Buggy software, filled with malware and spyware, keystroke loggers, camera grabbers, location trackers, peeping tom hacks, revenge porn: nastiness. Pretty soon, after they kill encryption and sandboxing, the internet will actually be the 'Wild Wild West' that the hysterics of the 90's said it was back then.

Prepare for the 'New Dark Ages'?

When can people go to Mars?
 
Last I looked their App Store was competitively priced, they take 30% just like Google takes 30%, Samsung takes 30%, Sony takes 30%, Xbox takes 30%, Nintendo takes 30%, Steam takes 30%.

Correct me if I'm wrong, but didn't Apple introduce the fee as 30%, and then the competition copied after?

This doesn't mean the status-quo is ethical or fair, it simply means arbitrary pricing became standardised because the "competition" understood "if Apple can get away with sky-high commissions, then we can too.".
 
And Facebook doesn't charge (yet) for their hot mess. Are you concerned? You should be. For YOU are the product. You, and your data. All they can vacuum off of your computer and browser history. All the connections you make on their systems.
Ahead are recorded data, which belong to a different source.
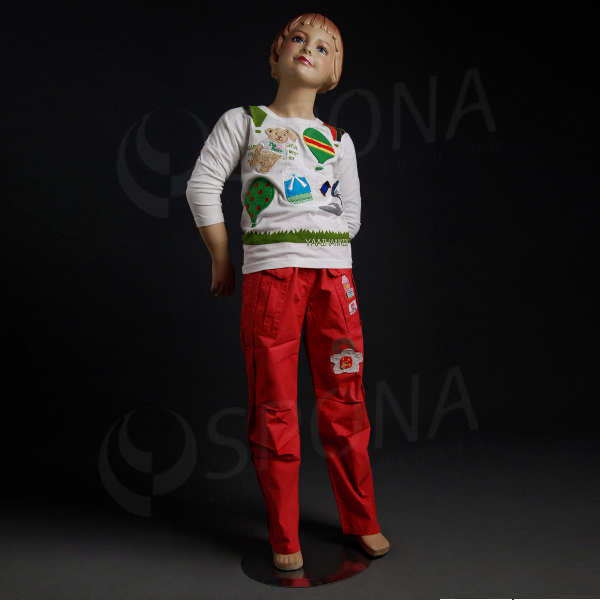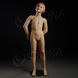 Figurína dívky s jedinečným postojem v tělové barvě, se skleněným podstavcem a prolisovanými vlasy.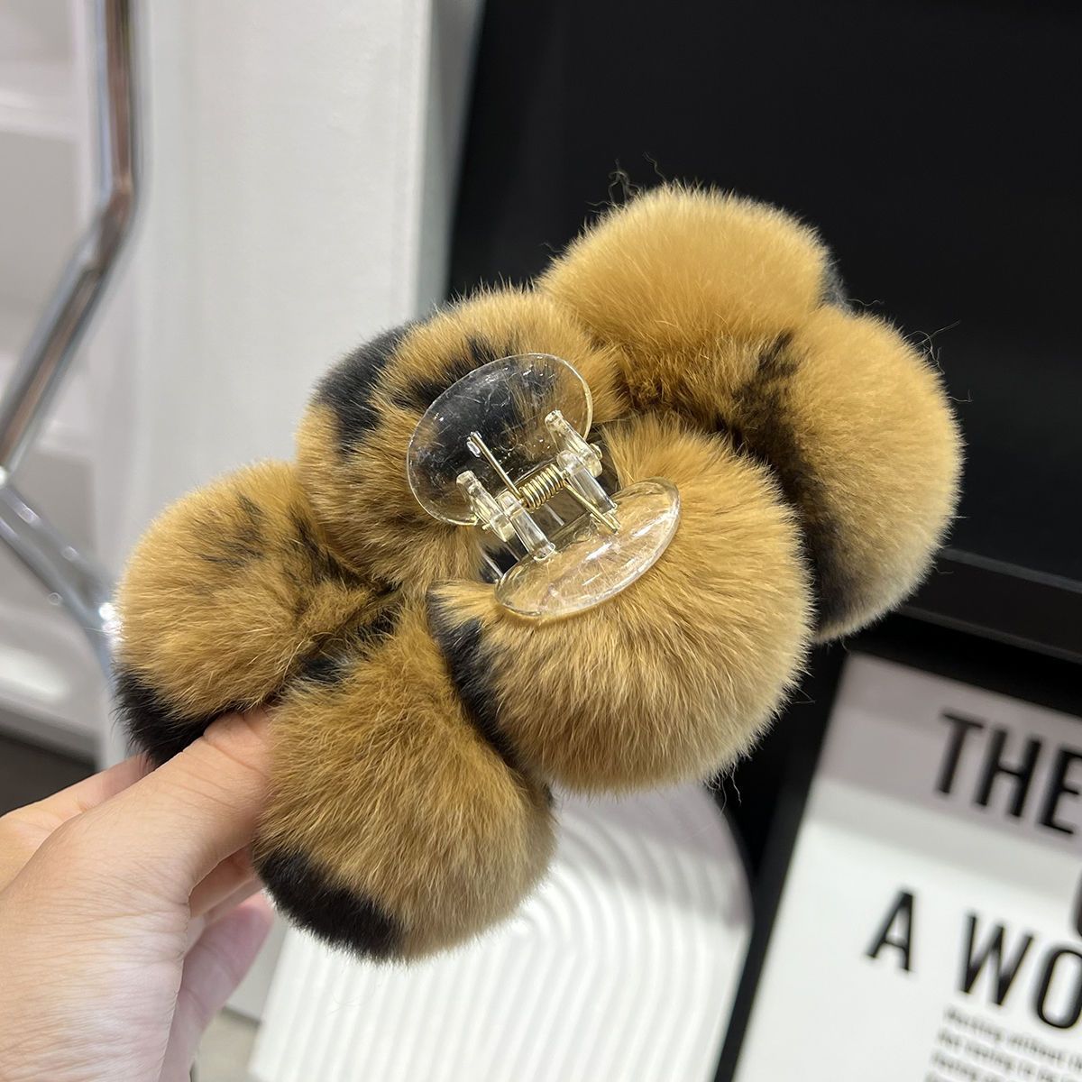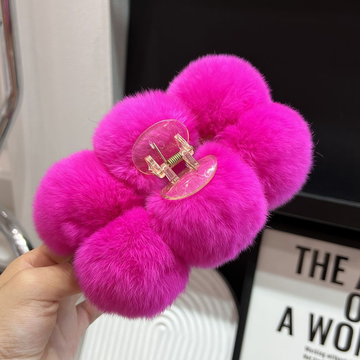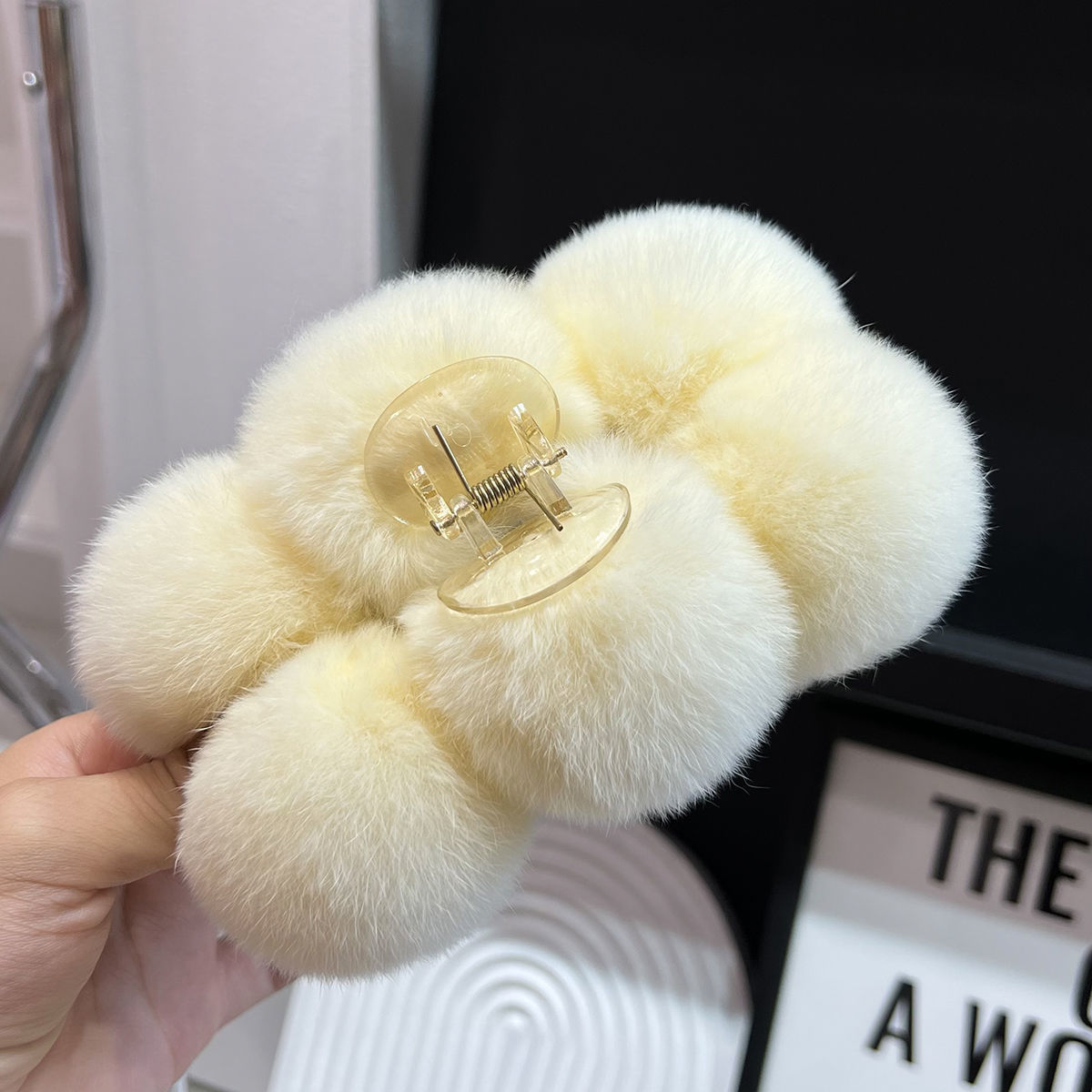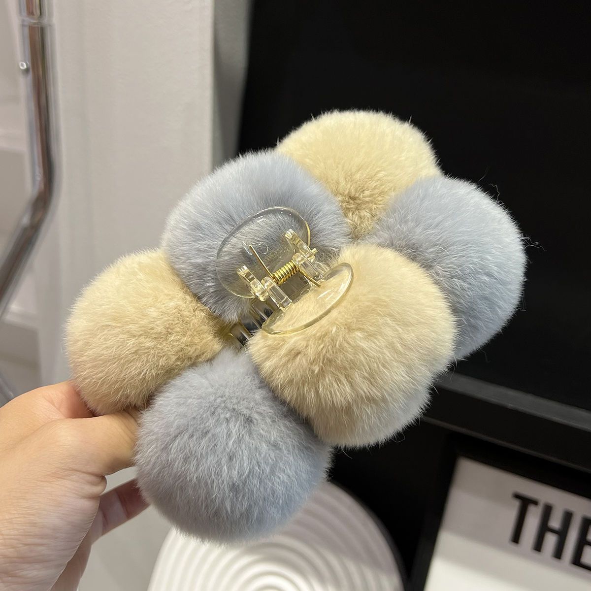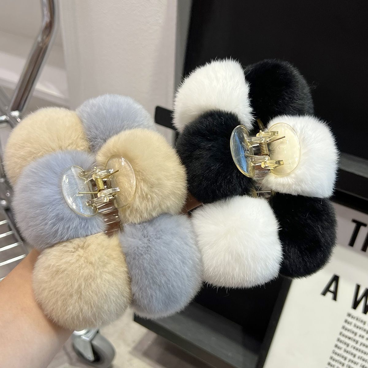 批发秋冬季新款仿獭兔毛毛球抓卡时尚网红鲨鱼夹发卡抖音爆款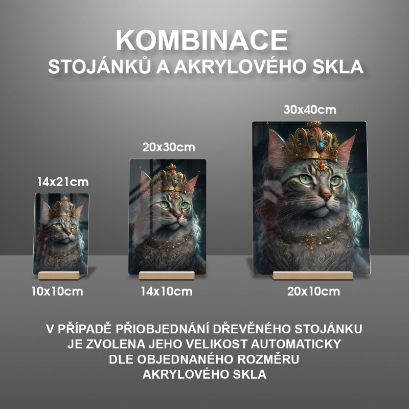 V případě přiobjednání dřevěného stojánku je zvolena jeho velikost automaticky dle objednaného rozměru akrylového skla viz produktové foto.
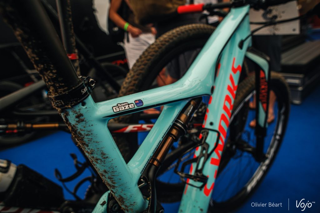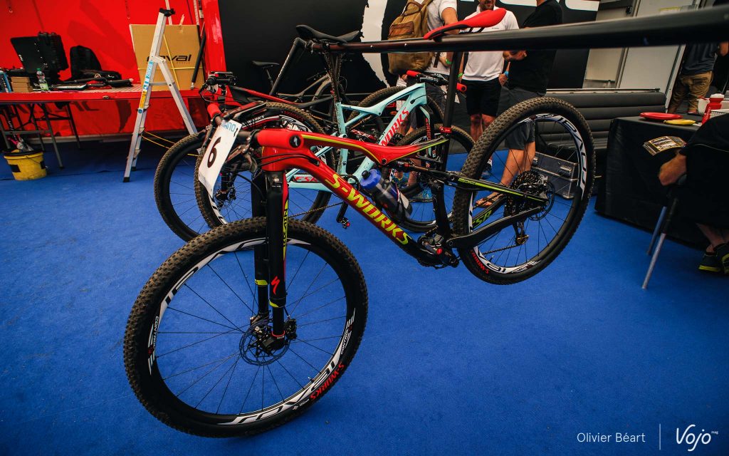 Si les Specialized Epic aperçus sur le stand de la marque à Nove Mesto ne semble pas évoluer fondamentalement sur le plan technique, notre petit doigt nous dit que les nouveaux coloris des vélos de Sam Gaze (ici en photo), Simon Andreassen, Jaroslav Kulhavy ou encore Annika Langvad préfigurent la collection 2017.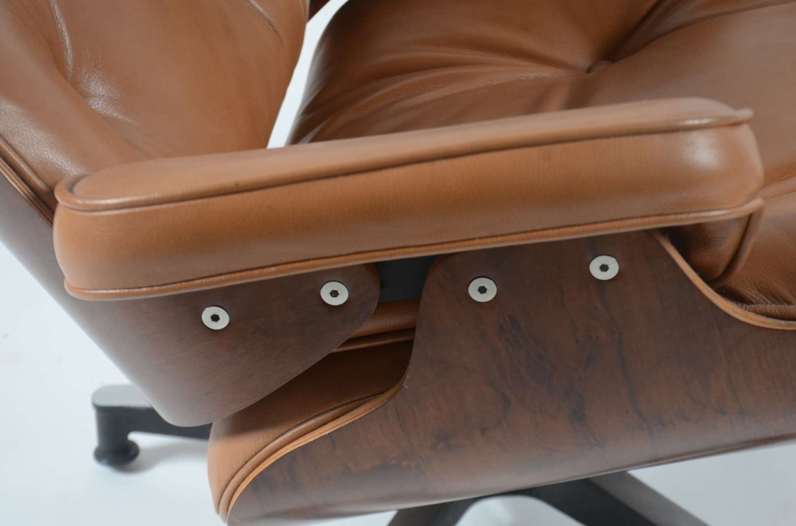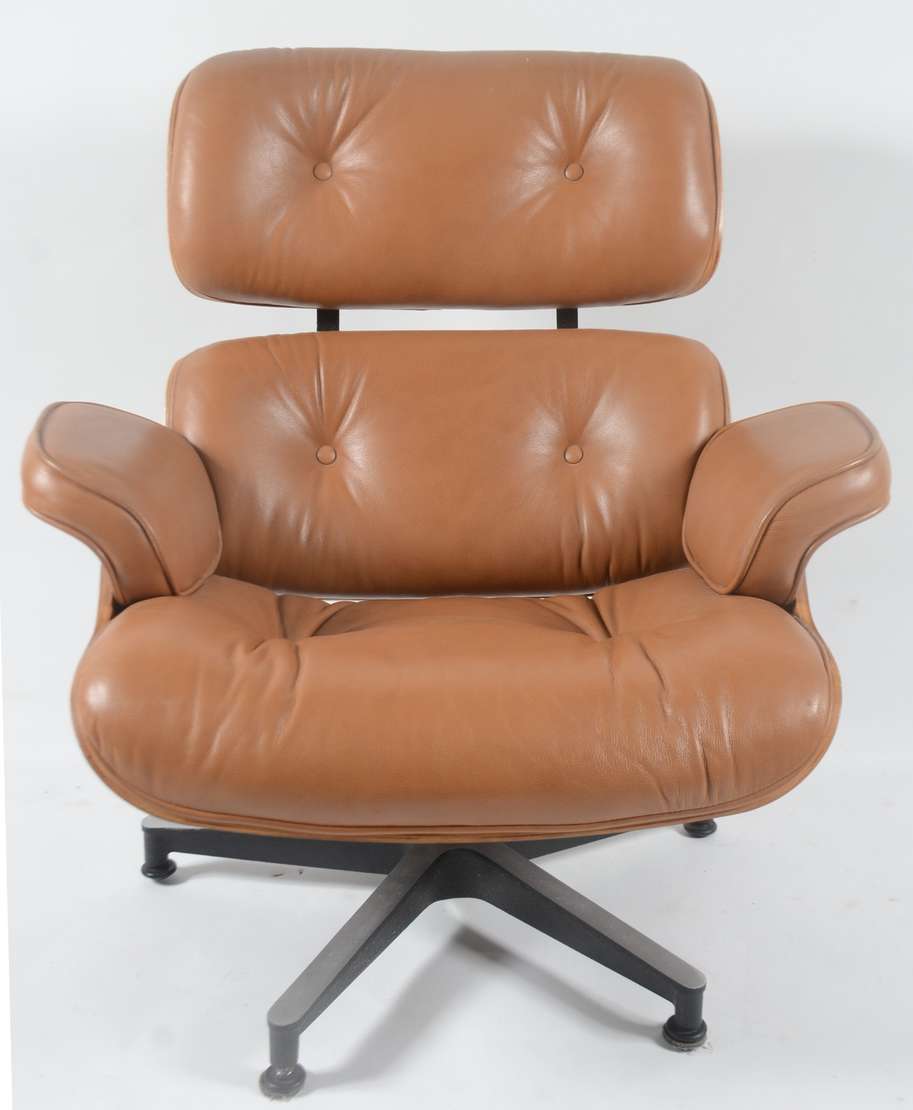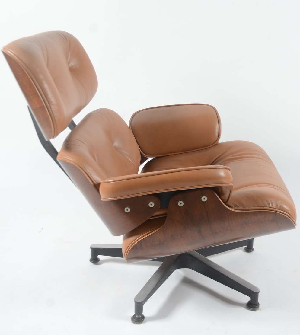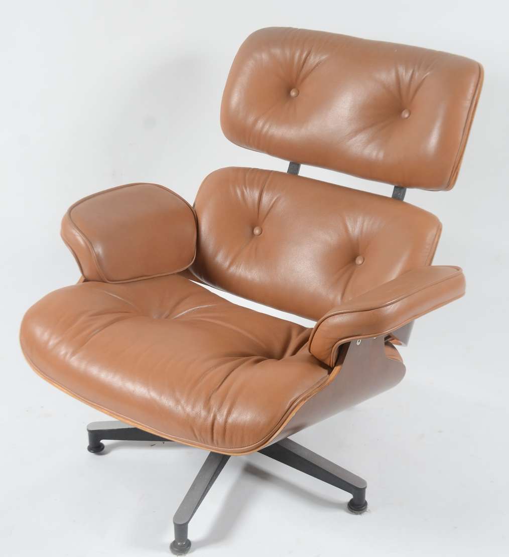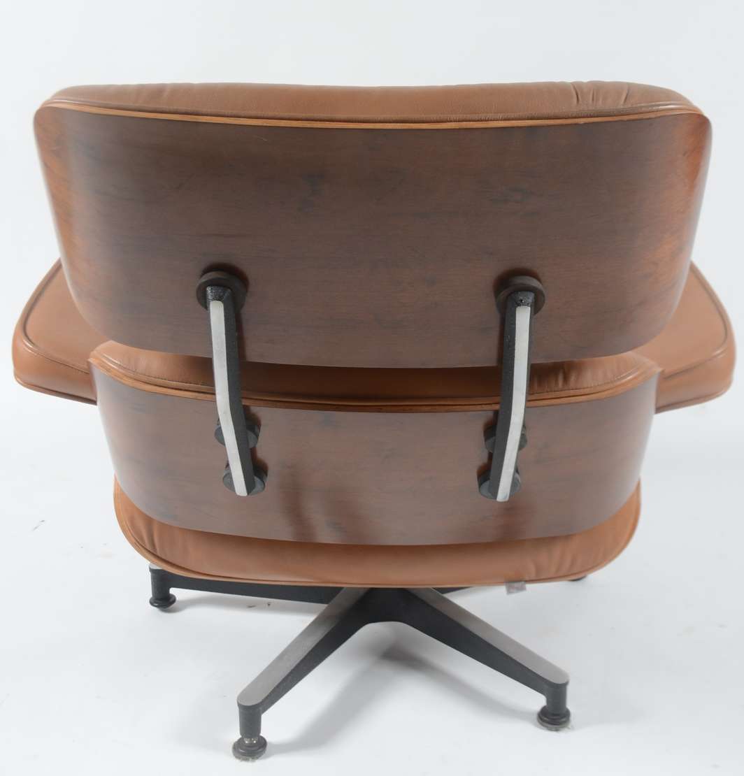 Poltrona "Charles Eames" da Clássica Design, em madeira e couro ecológico na cor caramelo, pés de metal.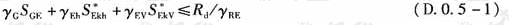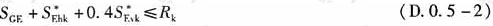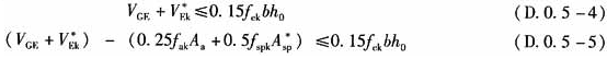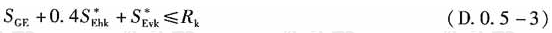 2 第2性能水准的结构,在设防烈度地震或预估的罕遇地震作用下,关键构件及普通竖向构件的抗震承载力宜符合式(D.0.5-1)的规定;耗能构件的受剪承载力宜符合式(D.0.5-1)的规定,其正截面承载力应符合下式规定: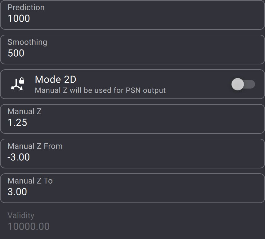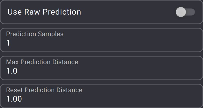 - Prediction : You can use this parameter to predict the position of a Target in function of it's current speed and acceleration. The value chosen corresponds to the time you want to predict ahead in microseconds. This parameter is for example very useful to counter the inertia of lighting fixture during followspot applications.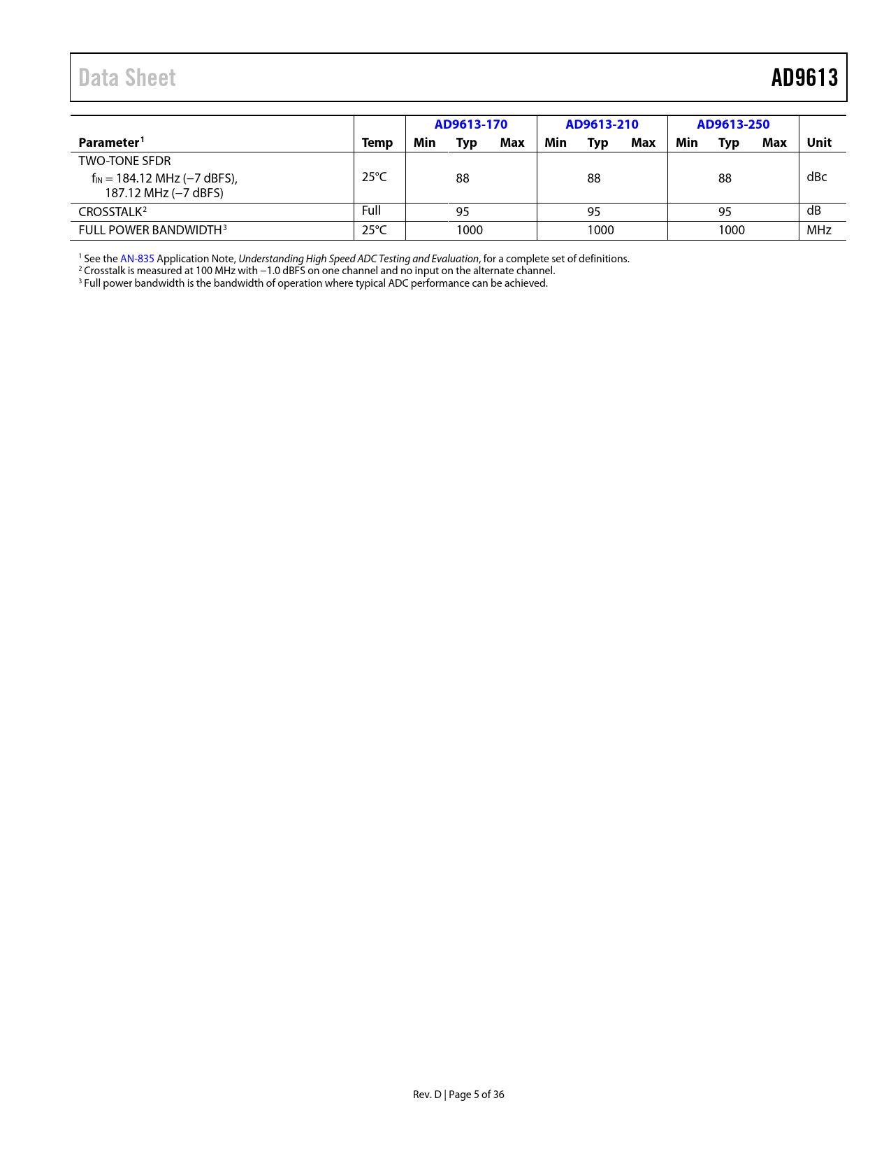 Data Sheet AD9613 AD9613-170 AD9613-210 AD9613-250 Parameter1 Temp Min Typ Max Min Typ Max Min Typ Max Unit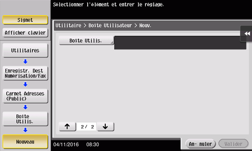 Tapez sur [Utilitaires] - [Enregistrement Boîte/Destinat.] - [Enregistr. Dest Numérisation/Fax] - [Carnet Adresses (Public)] - [Boîte Utilis.] - [Nouveau].
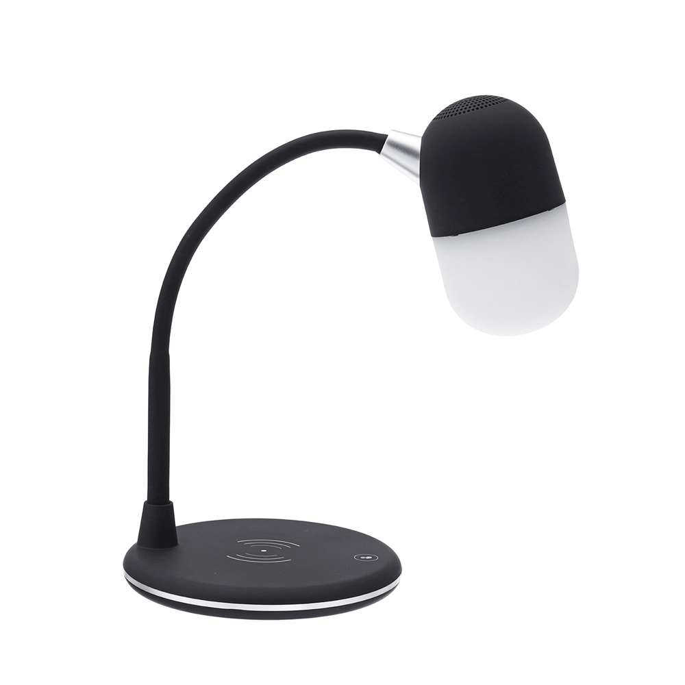 Настольная лампа с колонкой и беспроводной зарядкой Alladin. Тип светодиодного индикатора: cветодиодная панель (яркость 28LM±2), три режима настройки света (яркий, теплый, холодный), 7 светодиодов. Мощность: 5 Вт. Максимальная мощность беспроводного зарядного устройства: 5/10 Вт (опционально). Мощность динамика: 3 Вт. Вход:5V/3A. Версия Bluetooth: V5.0. В комплекте кабель USB и инструкция.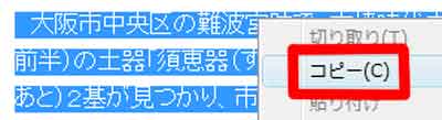 (1)ネット(サイト)上の見出しをドラッグ→クリック→「コピー」

All the connections your connections make on their systems, and make out on the internet.

Which is why I don't use Facebook, Instagram, et. al.

Microsoft was caught using secret APIs and bribing computer companies to not put competing browsers on their computers, coupled with a whole lot of other badness.

Which is different than simply selling a product at a low enough price that makes it hard for oters to match. Even with IE there were competing browsers that had advantages over IE.

It did a lot of harm to the entire computing ecosystem over subsequent years: because IE was everywhere, developers targeted IE, systems depended on IE6 features rather than open standards (so people had to use IE6), and so on.

But that is a problem with network effects, rather than the product itself. The best technology doesn't always win if consumers prefer one significantly more, as Betamax vs VHS proved.

Open standards are great, but if a closed one provides percieved benefits that the open one does not either the open one evolves or fades away. In the end, most consumers simply want to know stuff will work reliably when they send a document or open a web page; so the most popular standard wins out. Is it the best technology? Maybe not but that is not what is most important in the overall market.

It's like jobs in the US. Of course China would have cheaper labor back then. DUH! But when China labor gets too expensive, where will they go? They got that covered! Cambodia. Really? Vietnam, India, Bangladesh, Pakistan, and all the other third world wannabes that can build stuff cheap and flood the world with substandard crap.

Ultimately, that is the consumer's fault because they refuse to pay for higher quality items. They buy on price, which results in a race to the bottom. Quality is cheaper in the long run; but most people only see the initial price and not the TCO.

We have met the enemy, and he is us.